BEGIN DATA SUPPLIED

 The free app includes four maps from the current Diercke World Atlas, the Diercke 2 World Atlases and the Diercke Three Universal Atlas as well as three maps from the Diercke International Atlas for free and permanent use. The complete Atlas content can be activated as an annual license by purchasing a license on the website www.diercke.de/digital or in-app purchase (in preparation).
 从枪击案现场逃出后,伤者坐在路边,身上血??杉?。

END DATA SUPPLIED
BEGIN DATA SUPPLIED

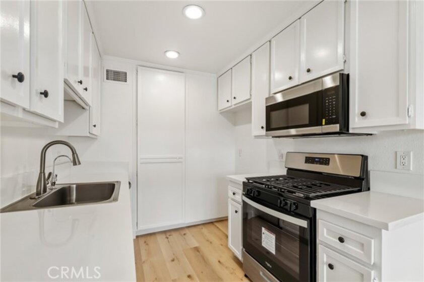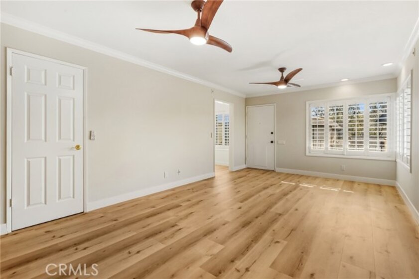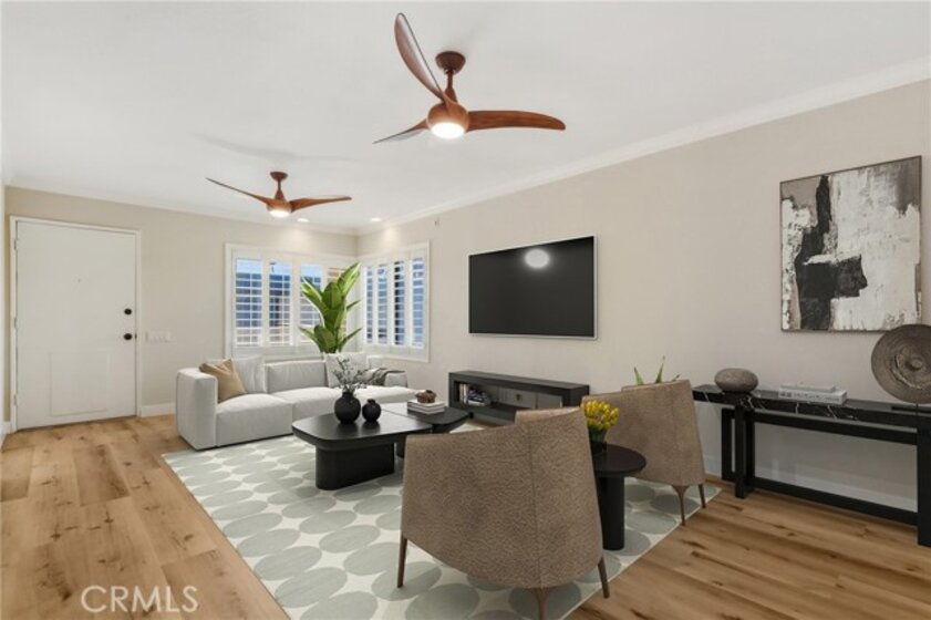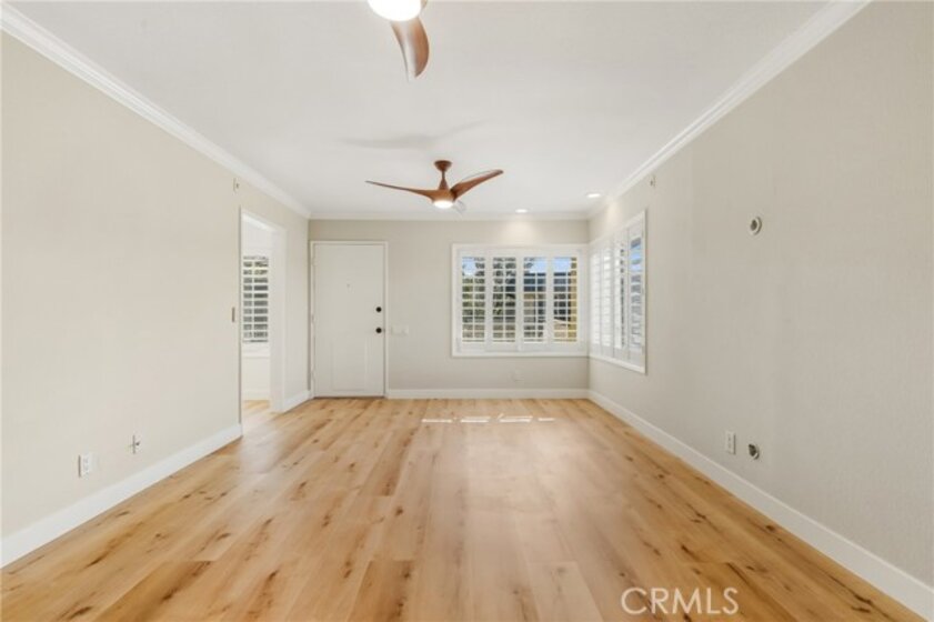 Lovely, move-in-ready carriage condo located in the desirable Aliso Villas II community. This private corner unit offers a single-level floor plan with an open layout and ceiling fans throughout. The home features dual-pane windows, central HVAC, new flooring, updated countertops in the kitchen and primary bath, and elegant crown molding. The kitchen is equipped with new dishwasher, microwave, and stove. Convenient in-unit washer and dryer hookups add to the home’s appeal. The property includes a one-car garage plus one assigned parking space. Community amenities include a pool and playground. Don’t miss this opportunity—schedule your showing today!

END DATA SUPPLIED
BEGIN DATA SUPPLIED

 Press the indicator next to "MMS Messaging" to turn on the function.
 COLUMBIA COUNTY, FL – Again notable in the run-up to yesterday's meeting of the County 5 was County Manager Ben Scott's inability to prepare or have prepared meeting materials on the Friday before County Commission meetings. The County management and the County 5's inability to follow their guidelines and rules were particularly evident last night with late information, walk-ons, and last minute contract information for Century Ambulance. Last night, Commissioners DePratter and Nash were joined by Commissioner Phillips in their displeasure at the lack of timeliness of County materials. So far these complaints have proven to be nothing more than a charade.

END DATA SUPPLIED

→ WORK INSTRUCTION
Retype exactly the lines of the data above that fall between the line with "The free app" and the line with "从枪击案现场逃出后,伤者坐在路边,身上血??杉?。", inclusive, and add nothing.

→ EXERCISE OUTPUT
 The free app includes four maps from the current Diercke World Atlas, the Diercke 2 World Atlases and the Diercke Three Universal Atlas as well as three maps from the Diercke International Atlas for free and permanent use. The complete Atlas content can be activated as an annual license by purchasing a license on the website www.diercke.de/digital or in-app purchase (in preparation).
 从枪击案现场逃出后,伤者坐在路边,身上血??杉?。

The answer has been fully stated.